Datomic Implicit Partitions

hlship · on April 21, 2023

Like any database, Datomic often needs to perform queries by reading data from its indexes. In fact, in Datomic, all data is stored in indexes - there aren't rows with indexes pointing to the rows, just indexes.

Datomic uses any of a number of stores, typically something like DynamoDB, to persist this index data.

When performing a query, Datomic peers read directly from the store (or from a cache) and read an entire block of index data as a single unit - each such block effectively contains many entity/attribute/value/transaction Datoms sorted by entity, attribute, or value, depending on which index is being scanned.

In other words, when reading all the attributes for entity X, Datomic will read from storage the block containing X, but also must inadvertently read other data that precedes or follows X.

The partitioning business is to ensure that related entities are stored close to each other; literally, a block of bits within the 64 bit entity id is set to the partition value. This ensures that the Datoms for related entities are stored close to each other, which in turn, ensures that the query can be satisfied using fewer of these index blocks, read from cache or storage, than if the entire entity id was arbitrary. Essentially, if entity X and entity Y are related, they can share a partition, and most likely will be stored together in a single index block.

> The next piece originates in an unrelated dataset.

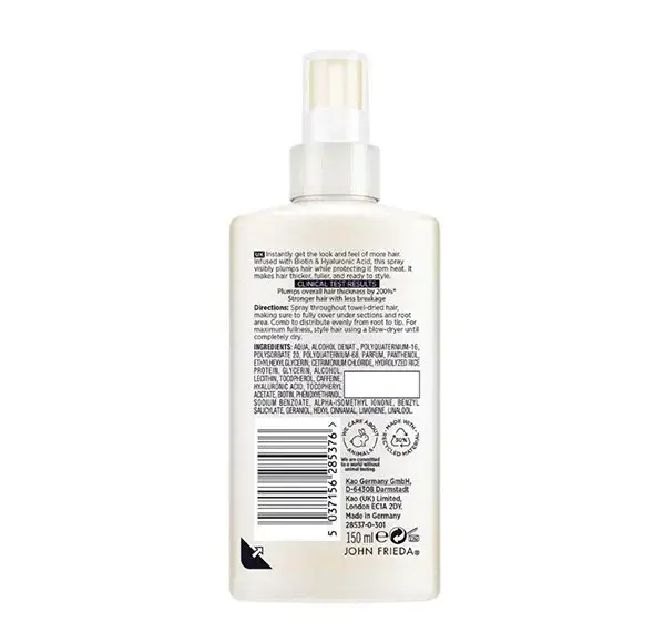 Для оживленных и объемных волос. Уплотняющий спрей идеально подходит для тонких и слабых волос. Укрепляет и уплотняет волосы на 200%. Мягкая и легкая формула придает волосам естественное движение. Кроме того, он содержит термозащиту до 220°C. Благодаря биотину и гиалуроновой кислоте волосы становятся более густыми, густыми и сильными с первого применения. Никакого силикона. Подходит для веганов, не содержит ингредиентов животного происхождения и не тестировался на животных. Результаты получены при использовании шампуня, кондиционера и спрея PROfiller+.

This co-location of data can make a big difference in very large Datomic databases.

unixhero · on April 22, 2023

Does Postgres have this?

hlship · on April 22, 2023

In a traditional database such as Postgres, queries are routed through a database server that handles both queries and updates, and is quite close to the storage. Reading excess data while executing a query is less of an issue as only the relevant data is eventually streamed to the client.

Datomic is quite different, in that peers (the other services that query Datomic data) execute the query engine library, and directly read the raw data from the store (or from a cache, as Datomic data is immutable). This design makes it easy to scale reads, but introduces the locality issues that the partitioning enhancement addresses.

hlship · on April 22, 2023

It’s quite apples and oranges.